From the project instructions:
In this project you will investigate the exponential distribution in R and compare it with the Central Limit Theorem. The exponential distribution can be simulated in R with rexp(n, lambda) where lambda is the rate parameter. The mean of exponential distribution is 1/lambda and the standard deviation is also 1/lambda. Set lambda = 0.2 for all of the simulations. You will investigate the distribution of averages of 40 exponentials. Note that you will need to do a thousand simulations.
Illustrate via simulation and associated explanatory text the properties of the distribution of the mean of 40 exponentials. You should:
First we set the seed to ensure reproducibility, then we set the value for lambda, the number of exponentials, and the number of simulations. We can then run the simulations, calculate the means, and show how these means fall in a histogram.
# Showing system info for basic reproducibility
sessionInfo()
## R version 3.6.1 (2019-07-05)
## Platform: x86_64-w64-mingw32/x64 (64-bit)
## Running under: Windows 10 x64 (build 18363)
##
## Matrix products: default
##
## locale:
## [1] LC_COLLATE=English_United States.1252
## [2] LC_CTYPE=English_United States.1252
## [3] LC_MONETARY=English_United States.1252
## [4] LC_NUMERIC=C
## [5] LC_TIME=English_United States.1252
##
## attached base packages:
## [1] stats graphics grDevices utils datasets methods base
##
## loaded via a namespace (and not attached):
## [1] compiler_3.6.1 magrittr_1.5 tools_3.6.1 htmltools_0.4.0
## [5] yaml_2.2.0 Rcpp_1.0.3 stringi_1.4.4 rmarkdown_2.1
## [9] knitr_1.27 stringr_1.4.0 xfun_0.12 digest_0.6.23
## [13] rlang_0.4.4 evaluate_0.14
# Setting seed
set.seed(2020)
# Setting parameters
lambda <- 0.2
n <- 40
sims <- 1000
# Running simulations
sims_ran <- replicate(sims, rexp(n, lambda))
# Means of the simulations
sims_means <- apply(sims_ran, 2, mean)
# Plotting a simple histogram to show the distribution of the means
hist(sims_means, breaks = 50, main = "Means of 1000 Simulations of the Exponential Distribution", xlab = "Mean")
We can see from the histogram that the distribution looks fairly Gaussian.
The theoretical mean for an exponential distribution with lambda = 0.2 is 1/0.2 = 5 (mu = 1/lambda).

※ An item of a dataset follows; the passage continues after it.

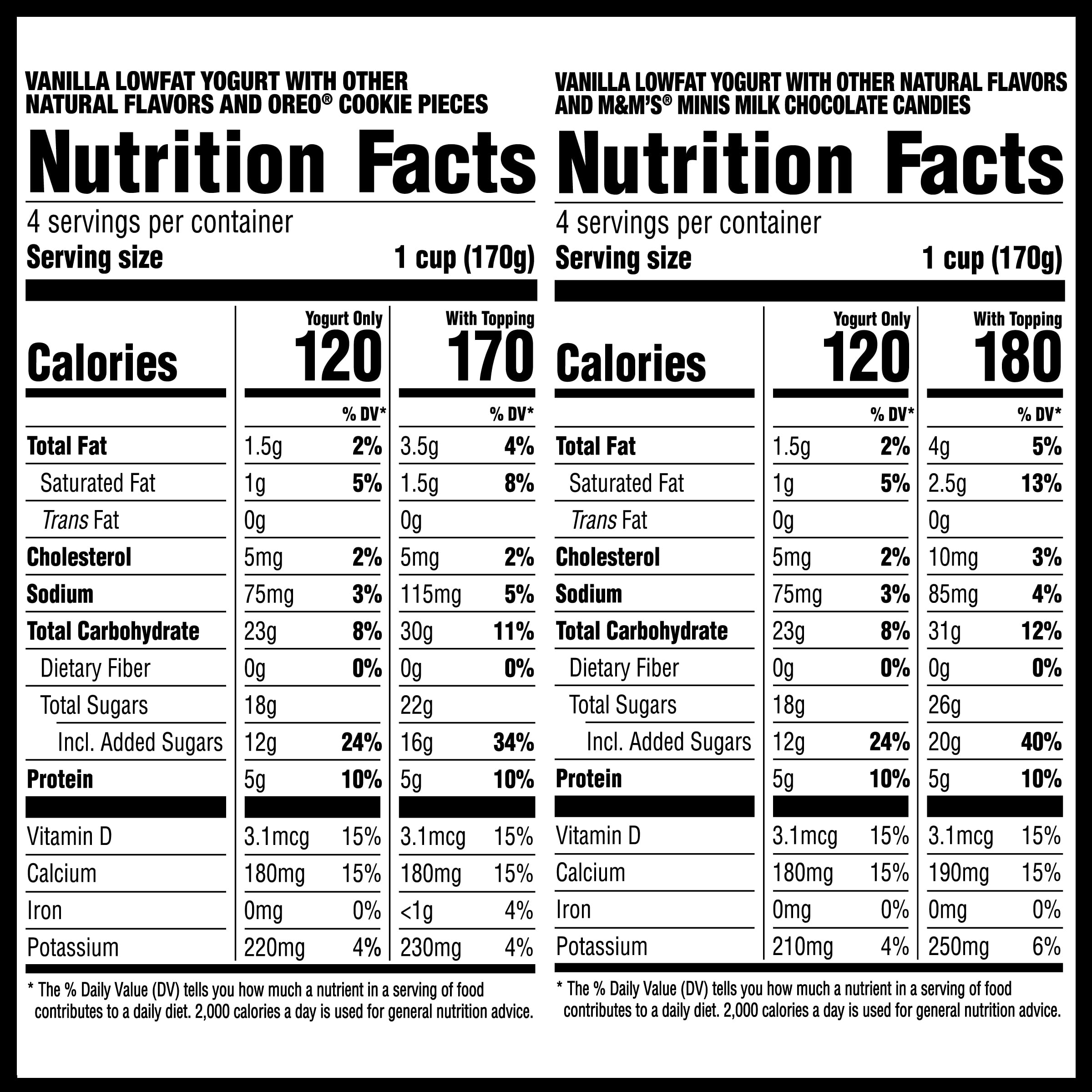 Make snack time fun with YoCrunch Lowfat Vanilla Yogurt with OREO and M&Ms. This lowfat yogurt is deliciously smooth and creamy–and best of all, it comes with OREO pieces and M&Ms topping, so you can add a fun crunch to every bite.
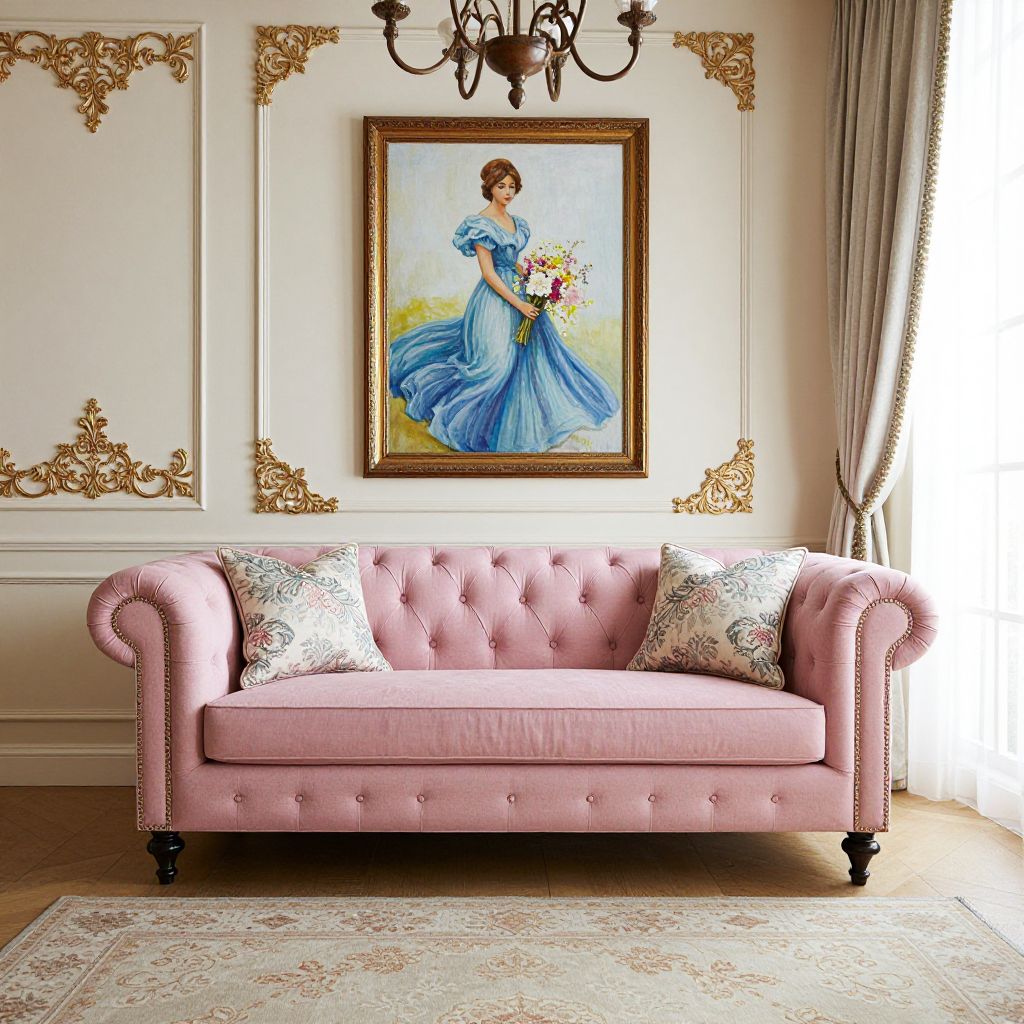 Elegant pink tufted chesterfield sofa adorned with two patterned throw pillows sits beneath a framed artwork of a woman in a flowing blue dress holding flowers, positioned against ornate gold-trimmed walls and complemented by a wooden chandelier above, all within a classic interior featuring a wooden floor, patterned rug, and large window with draped curtains.

We can show via the same histogram above where mean = 5 fits, as well as show the sample mean of the simulations and how it compares to the theoretical mean of 5.
# Histogram of sample means
hist(sims_means, breaks = 50, main = "Histogram of Sample Means vs. Theoretical Mean of 5", xlab = "Sample Means")
# Theoretical Mean of 5
abline(v = 5, lwd = 4, col = "blue")
# Calculating the sample mean of the simulations
mean(sims_means)
## [1] 5.033948
# Sample Mean on the histogram
abline(v = mean(sims_means), lwd = 4, col = "red")
We see that the sample mean (5.03, red vertical line) is very close to the theoretical mean (5, blue vertical line)
The theoretical variance for an exponential distribution with lambda = 0.2 is (1/lambda)^2/n. The theoretical and sample variances can be calculated very simply. I do that below, as well as show the difference between the two. We can see that they are very close to eachother.
# Calculating the theoretical variance
round((1/lambda)^2/n, 3)
## [1] 0.625
# Calculating the sample variance
round(var(sims_means),3)
## [1] 0.607
# Showing the difference
round((1/lambda)^2/n, 3) - round(var(sims_means),3)
## [1] 0.018
The Central Limit Theorem states that for sample sizes greater than approximately 30, the means begin to follow a normal distribution regardless of the underlying probability distribution from which the means came. We can see how close our means distribution is to normal here by overlaying a normal line against a sample line
# Repeating the means histogram
hist(sims_means, breaks = 50, main = "Means of 1000 Simulations of the Exponential Distribution", xlab = "Mean", prob = TRUE, xlim = c(2,8))
# Adding a sample distribution curbe
lines(density(sims_means), lwd = 4, col = "purple")
# Adding a Normal distribution curve for contrast
x <- seq(min(sims_means), max(sims_means), length = 2*n)
y <- dnorm(x, mean = 1/lambda, sd = sqrt((1/lambda)^2/n))
lines(x, y, lwd = 4, col = "green")
We can see that the distribution is very close to Normal. The green curve represents Normality. The purple curve represents the distribution of the sample means. This is due to the our high sample/simulation size (n = 1000) and the Central Limit Theorem.